→ DIRECTIONS: When you restate the records, do so word for word and omit any picture they contain.

** Opening DATA PROVIDED block **

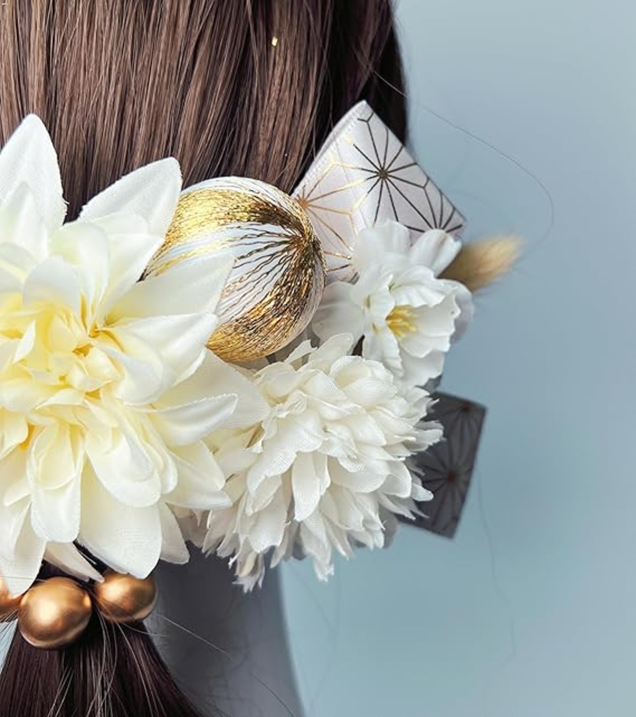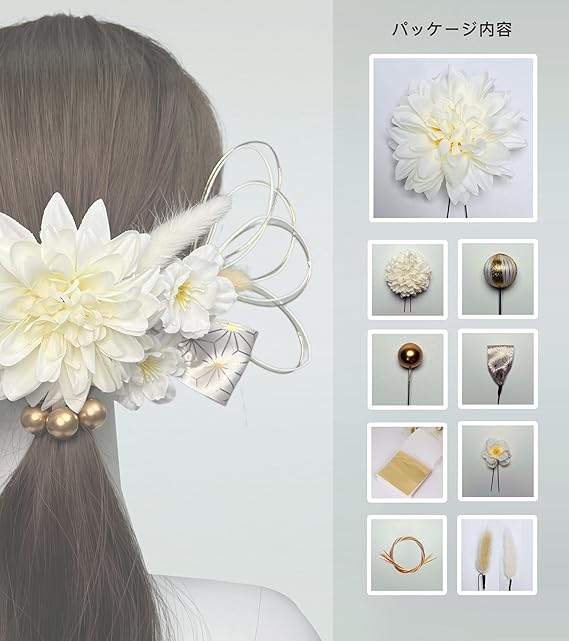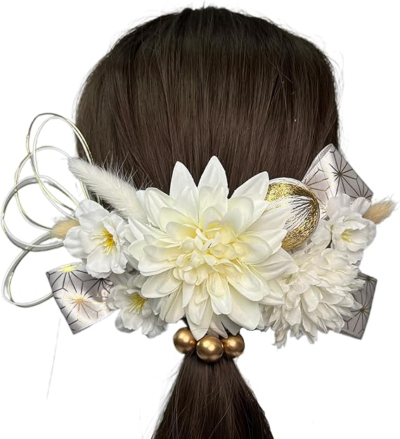 髪飾り ダリア 白無垢 白 アカザ リボン 和玉 水引 金箔 和装 袴 着物 浴衣 振袖 卒業式 成人式 結婚式 人気 ブライダル 花嫁 ロープ ゴールド シルバー ヘアアクセサリー[TPFariryTale] a
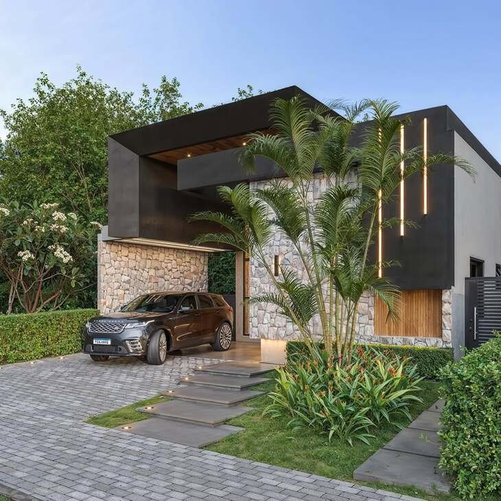 Let’s start with the showstopper – a modern, geometric concrete patio that instantly turns your front yard into a stylish masterpiece. If you're like me and love clean lines, this is such an exciting option. This design involves creating a grid pattern with concrete slabs, but instead of just placing them side by side like a traditional patio, you create a visual pattern by alternating different shapes or adding contrasting elements like grass or pebbles in between.
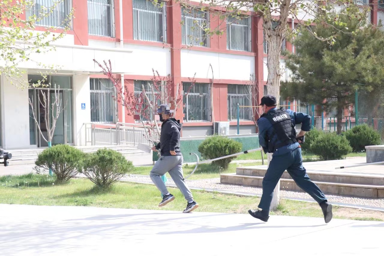 为了有效防范突发伤害事件,切实保障师生人身安全,及时处置侵害师生安全的恶性事件,维护我校安全稳定,增强在真实情景下的心理素质和反恐防暴意识,提高师生应对能力,增强师生“生命第一”的意识,提升反恐防暴意识。同时对学校各方面力量的沟通协调能力、危急条件下的执行力进行磨合和检验,以促进学校综合反恐防暴意识与能力的提升,银川十八中于4月25日上午9:55组织全体师生进行了一次反恐防暴演练。
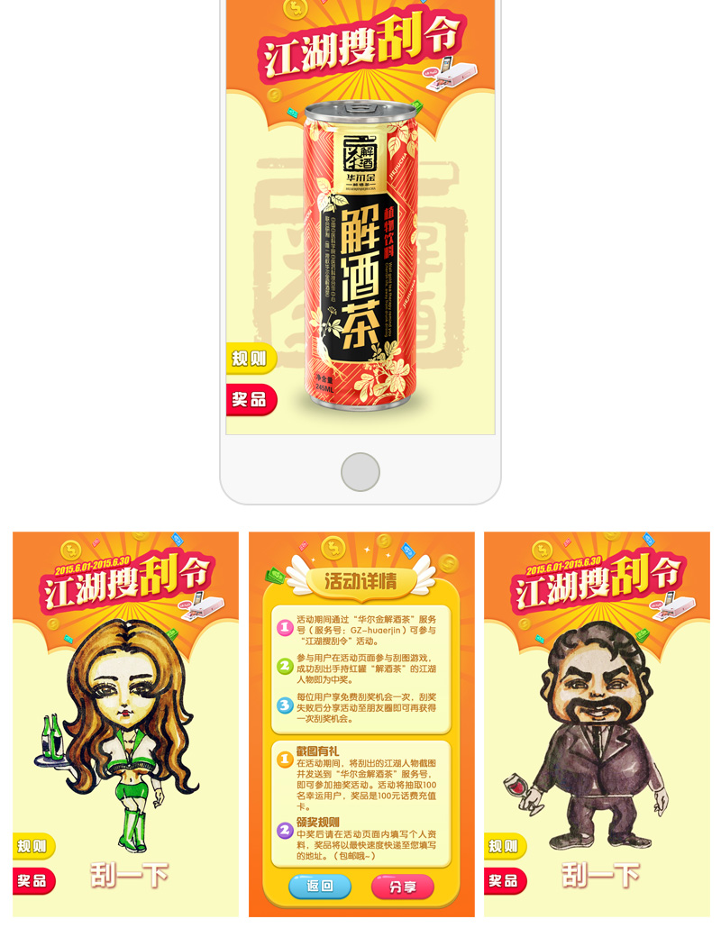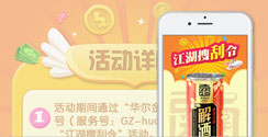 江湖搜刮令微信游戏是广州华尔金生物有限公司在其产品“华尔金解酒茶”的新闻发布会上现场举行的微信公众号游戏,轻刮解酒茶底图,出现的各类精致的江湖人物代表不同的奖励。游戏简单,界面精致,奖励丰富,深受现场玩家的喜爱。
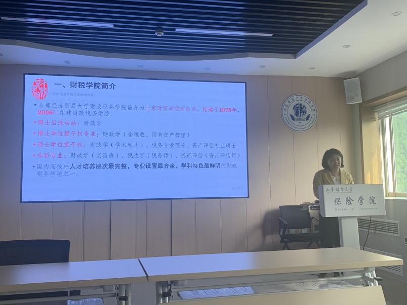 茹玉详细介绍了我校财政税务学院研究生招生培养情况。强调了财政税务学院下设财政系、税务系、资产评估系,有财政学、税收学、资产评估三个本科专业,拥有财政学(学术)硕士点和博士点,拥有税务硕士和资产评估硕士两个专业硕士点,形成了本科生、硕士研究生、博士研究生多层次、高水平的教育结构。在长期办学实践中,形成了应用型、复合型高水平人才培养模式。
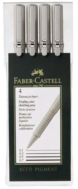 Cienkopisy Ecco Pigment 4 szt. Etui (0,1 : 0,3 : 0,5 : 0,7mm ) Czarne Faber-Castell

** Closing DATA PROVIDED block **

→ TASK RESULT:
 髪飾り ダリア 白無垢 白 アカザ リボン 和玉 水引 金箔 和装 袴 着物 浴衣 振袖 卒業式 成人式 結婚式 人気 ブライダル 花嫁 ロープ ゴールド シルバー ヘアアクセサリー[TPFariryTale] a
 Let’s start with the showstopper – a modern, geometric concrete patio that instantly turns your front yard into a stylish masterpiece. If you're like me and love clean lines, this is such an exciting option. This design involves creating a grid pattern with concrete slabs, but instead of just placing them side by side like a traditional patio, you create a visual pattern by alternating different shapes or adding contrasting elements like grass or pebbles in between.
 为了有效防范突发伤害事件,切实保障师生人身安全,及时处置侵害师生安全的恶性事件,维护我校安全稳定,增强在真实情景下的心理素质和反恐防暴意识,提高师生应对能力,增强师生“生命第一”的意识,提升反恐防暴意识。同时对学校各方面力量的沟通协调能力、危急条件下的执行力进行磨合和检验,以促进学校综合反恐防暴意识与能力的提升,银川十八中于4月25日上午9:55组织全体师生进行了一次反恐防暴演练。
 江湖搜刮令微信游戏是广州华尔金生物有限公司在其产品“华尔金解酒茶”的新闻发布会上现场举行的微信公众号游戏,轻刮解酒茶底图,出现的各类精致的江湖人物代表不同的奖励。游戏简单,界面精致,奖励丰富,深受现场玩家的喜爱。
 茹玉详细介绍了我校财政税务学院研究生招生培养情况。强调了财政税务学院下设财政系、税务系、资产评估系,有财政学、税收学、资产评估三个本科专业,拥有财政学(学术)硕士点和博士点,拥有税务硕士和资产评估硕士两个专业硕士点,形成了本科生、硕士研究生、博士研究生多层次、高水平的教育结构。在长期办学实践中,形成了应用型、复合型高水平人才培养模式。
 Cienkopisy Ecco Pigment 4 szt. Etui (0,1 : 0,3 : 0,5 : 0,7mm ) Czarne Faber-Castell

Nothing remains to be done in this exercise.